━━ Task material
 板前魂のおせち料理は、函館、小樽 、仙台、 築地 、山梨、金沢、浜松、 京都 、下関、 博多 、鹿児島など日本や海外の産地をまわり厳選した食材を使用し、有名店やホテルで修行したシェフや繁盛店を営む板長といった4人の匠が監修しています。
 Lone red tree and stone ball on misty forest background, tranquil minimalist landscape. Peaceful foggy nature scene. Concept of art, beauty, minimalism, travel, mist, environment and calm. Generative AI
━━━━
━━ Task material
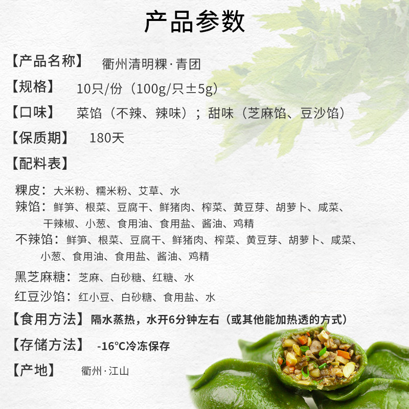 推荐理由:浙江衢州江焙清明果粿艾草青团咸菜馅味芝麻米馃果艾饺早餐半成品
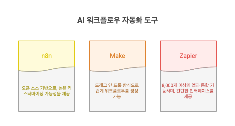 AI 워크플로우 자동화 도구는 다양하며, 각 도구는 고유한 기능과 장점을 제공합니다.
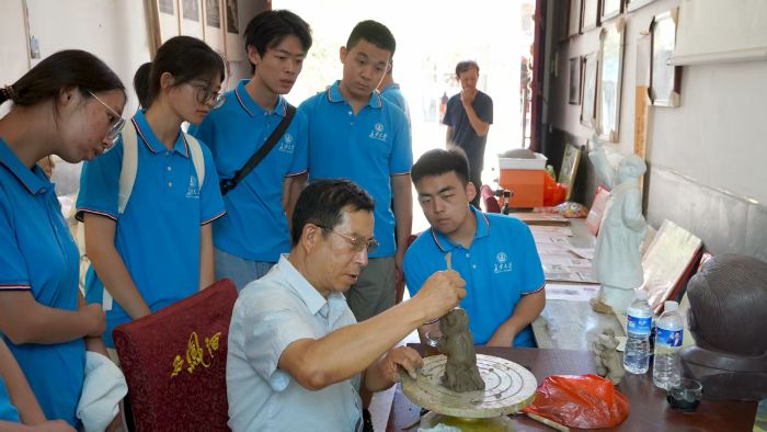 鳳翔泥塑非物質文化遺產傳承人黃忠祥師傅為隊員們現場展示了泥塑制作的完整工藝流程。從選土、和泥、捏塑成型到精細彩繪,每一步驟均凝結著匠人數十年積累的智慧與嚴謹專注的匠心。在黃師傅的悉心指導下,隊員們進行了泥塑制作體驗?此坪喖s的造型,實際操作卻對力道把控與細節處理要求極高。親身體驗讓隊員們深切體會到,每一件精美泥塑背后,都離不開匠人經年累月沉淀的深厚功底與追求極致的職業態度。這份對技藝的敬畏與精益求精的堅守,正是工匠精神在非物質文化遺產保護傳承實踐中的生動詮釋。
━━━━
━━ Task material
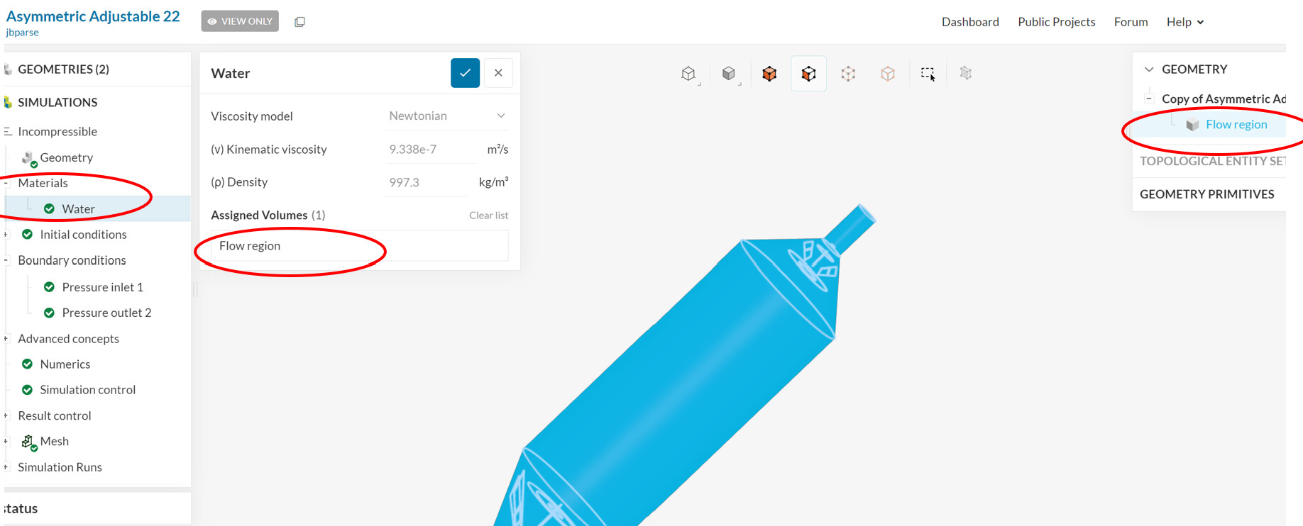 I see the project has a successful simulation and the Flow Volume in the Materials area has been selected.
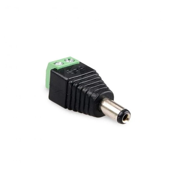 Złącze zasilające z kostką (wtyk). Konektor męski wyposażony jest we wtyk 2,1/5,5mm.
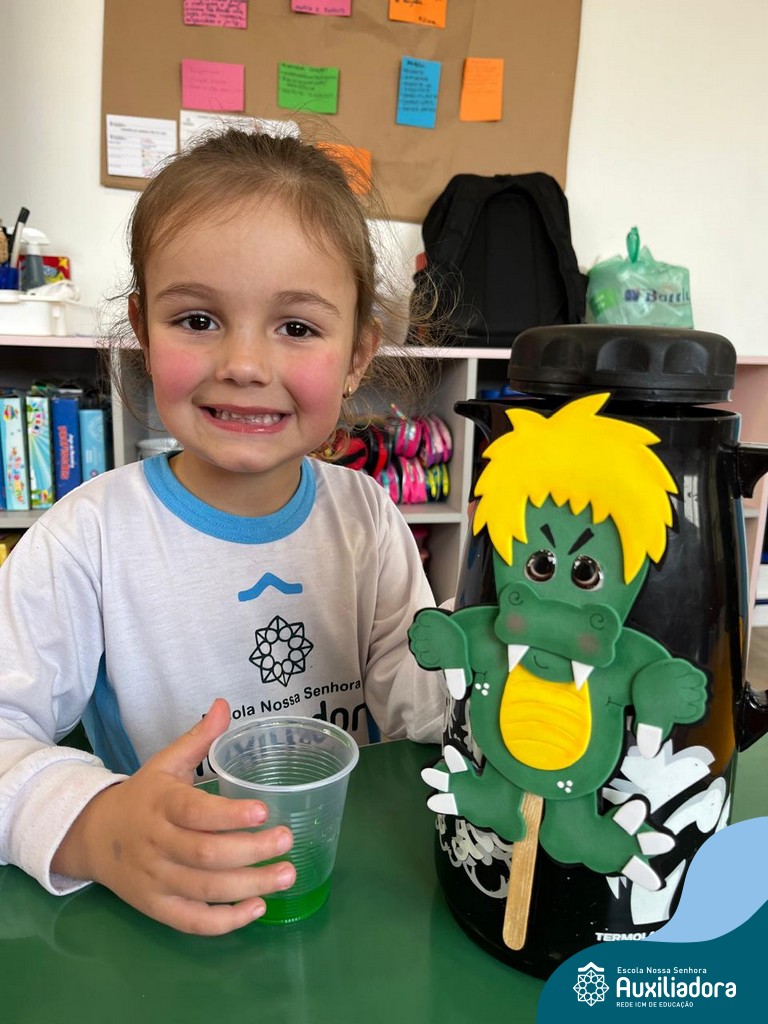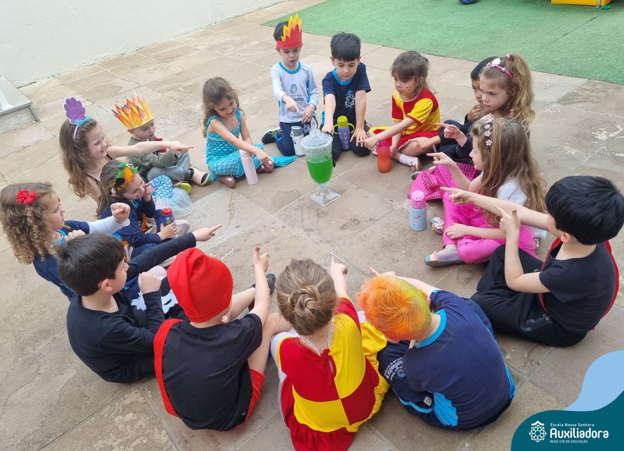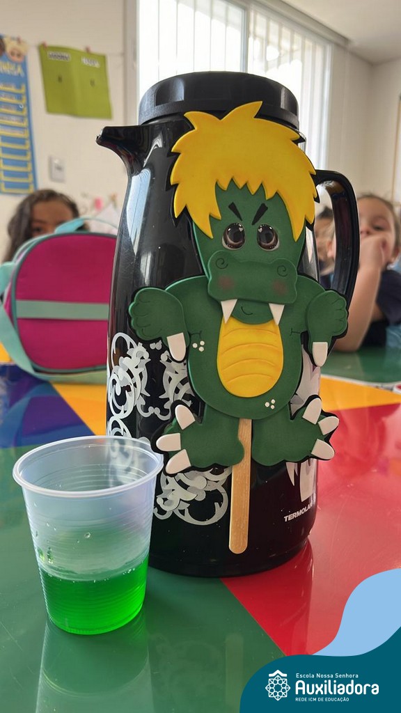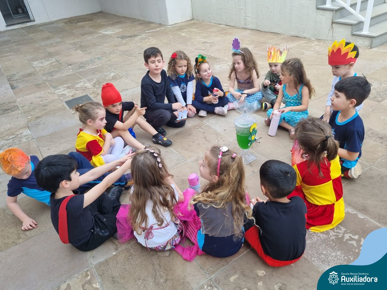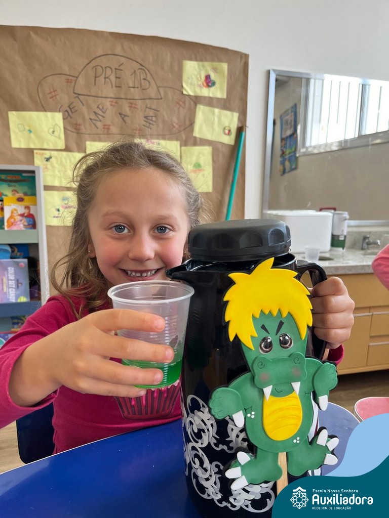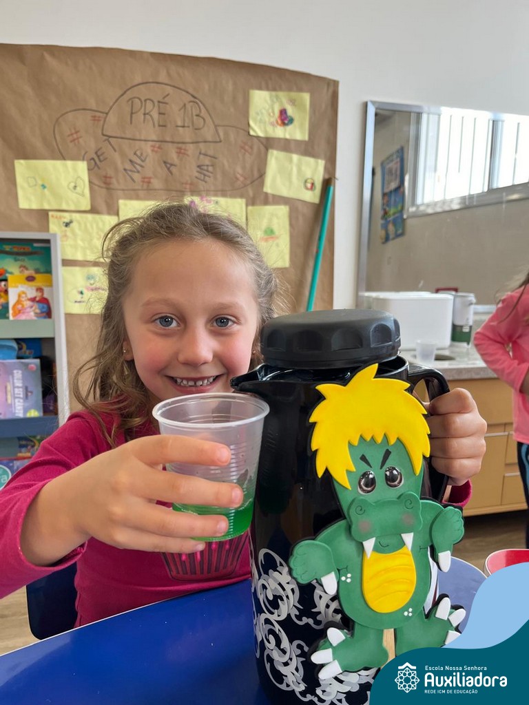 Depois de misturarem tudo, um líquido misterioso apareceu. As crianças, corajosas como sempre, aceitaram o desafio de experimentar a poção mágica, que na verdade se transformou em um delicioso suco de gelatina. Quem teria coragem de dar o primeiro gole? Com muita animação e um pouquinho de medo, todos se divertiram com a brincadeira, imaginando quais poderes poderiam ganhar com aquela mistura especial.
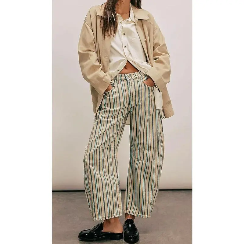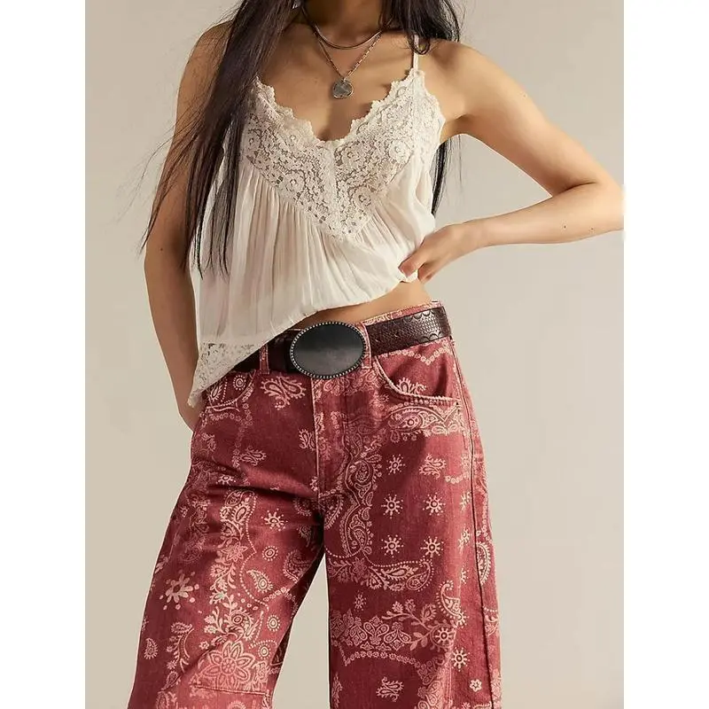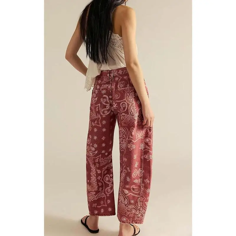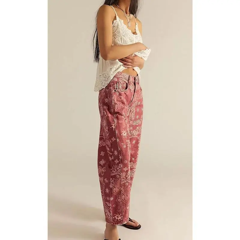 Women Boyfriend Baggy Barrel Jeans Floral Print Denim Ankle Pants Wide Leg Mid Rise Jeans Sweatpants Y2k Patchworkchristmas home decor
━━━━
> Work to complete
Give back exactly the lines above from the one with "推荐理由:浙江衢州江焙清明果粿艾草青团咸菜馅味芝麻米馃果艾饺早餐半成品" through the one with "鳳翔泥塑非物質文化遺產傳承人", both included. Pictures don't belong in the copy.

> Task response
 推荐理由:浙江衢州江焙清明果粿艾草青团咸菜馅味芝麻米馃果艾饺早餐半成品
 AI 워크플로우 자동화 도구는 다양하며, 각 도구는 고유한 기능과 장점을 제공합니다.
 鳳翔泥塑非物質文化遺產傳承人黃忠祥師傅為隊員們現場展示了泥塑制作的完整工藝流程。從選土、和泥、捏塑成型到精細彩繪,每一步驟均凝結著匠人數十年積累的智慧與嚴謹專注的匠心。在黃師傅的悉心指導下,隊員們進行了泥塑制作體驗?此坪喖s的造型,實際操作卻對力道把控與細節處理要求極高。親身體驗讓隊員們深切體會到,每一件精美泥塑背后,都離不開匠人經年累月沉淀的深厚功底與追求極致的職業態度。這份對技藝的敬畏與精益求精的堅守,正是工匠精神在非物質文化遺產保護傳承實踐中的生動詮釋。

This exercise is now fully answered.